Update 1/31/23: On January 30, 2023, it was announced that the Board of Directors at Nano Dimension had adopted a shareholders rights plan that would expire January 27, 2024. According to the press release, the plan is “designed to reduce the likelihood that any entity, person or group would gain control of, or significant influence over Nano Dimension.” Specifically, the plan includes the following:
Nano Dimension will issue one special purchase right for every one ADS outstanding at the close of business on February 6, 2023. Each right will allow its holder to purchase from Nano Dimension one-half of one (0.5) ADS, at a purchase price of $0.01 per ADS, once the rights become exercisable.
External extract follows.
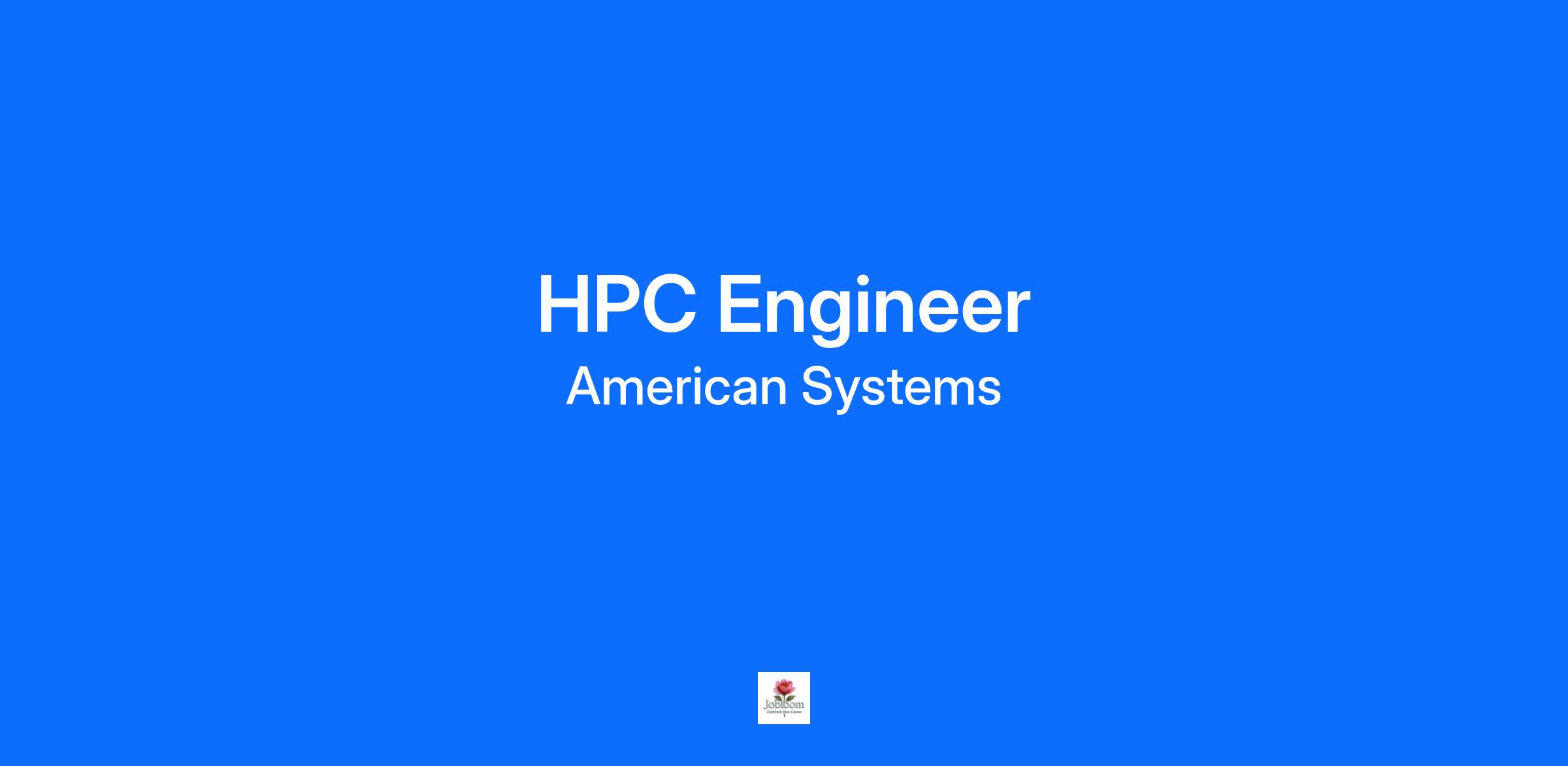 THIS POSITION COMES WITH A 10K SIGNING BONUS! As an HPC Engineer with AMERICAN SYSTEMS you will have an opportunity to do the followingl: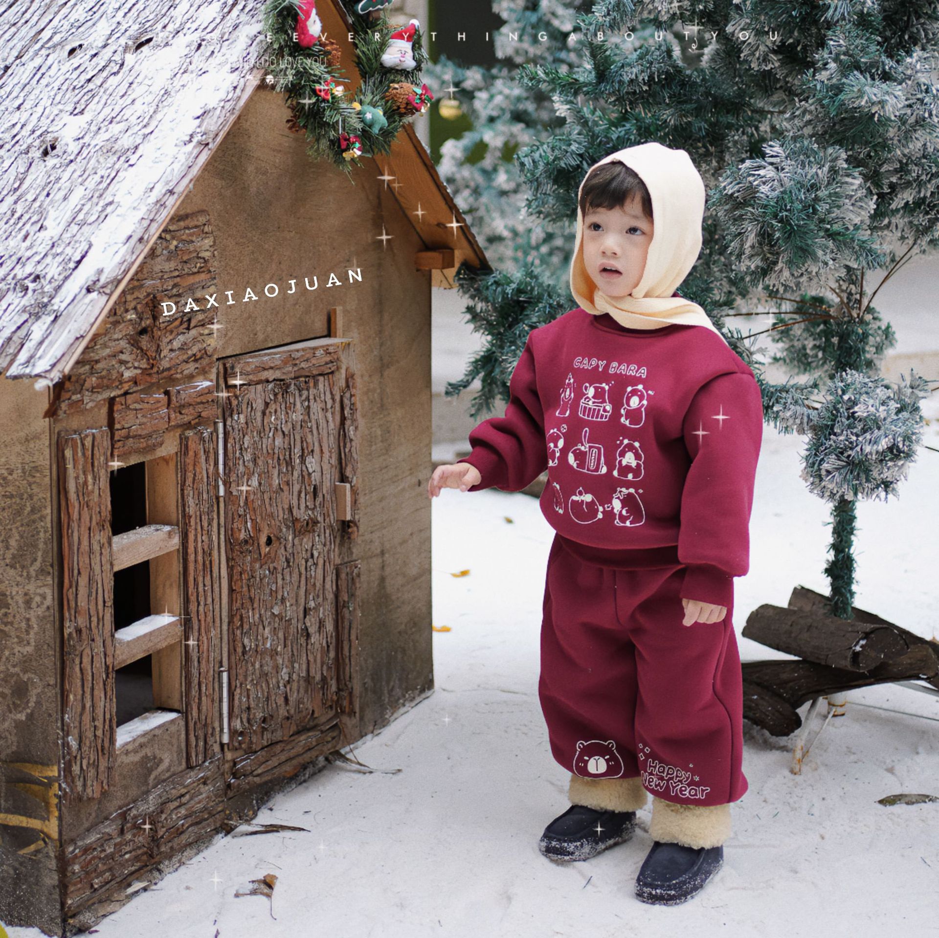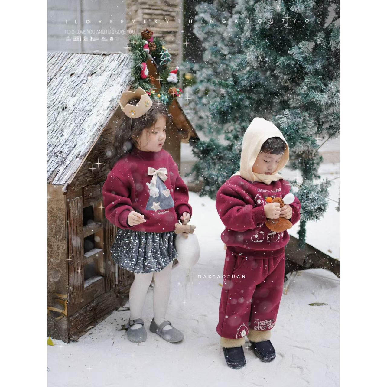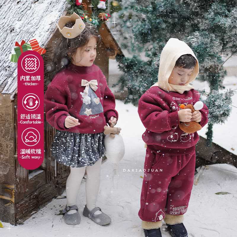 크고 작은 롤 [카피 발라] 겨울 어린이 기모 두꺼운 레저 세트 ~ 인형 보내기-26561

The rights would become exercisable only if an entity, person or group acquires beneficial ownership of 10% or more of Nano Dimension’s outstanding ordinary shares in a transaction not approved by the Company’s Board.
The following morning, the company put out a follow-up announcement, presumably in response to the first, that highlights the qualities of Nano Dimension’s executive management, the ability of that management to grow the company’s revenues significantly, and sharply and repeatedly criticizes its majority investor Murchinson and its manager Marc Bistricer. The letter describes the SEC charges against Muchinson for short selling practices that resulted in an $8 million fine and accuses the firm of attempting to profit off of short sales of Nano Dimension stock. It states:
“The claim of the managers of Murchinson, who were investigated by the SEC and admitted having violated the law, against the managers of Nano Dimension is comparable to an opinion of a bank robber about the way the bank is operated and managed. (emphasis in the original).”
On the surface, this latest development suggests that the two parties, Nano Dimension management and Murchinson, are continuing to battle over control of the company. Of course, given the murky world of finance, there’s always the possibility that both parties have a shared angle related to the stock price and the value of the company.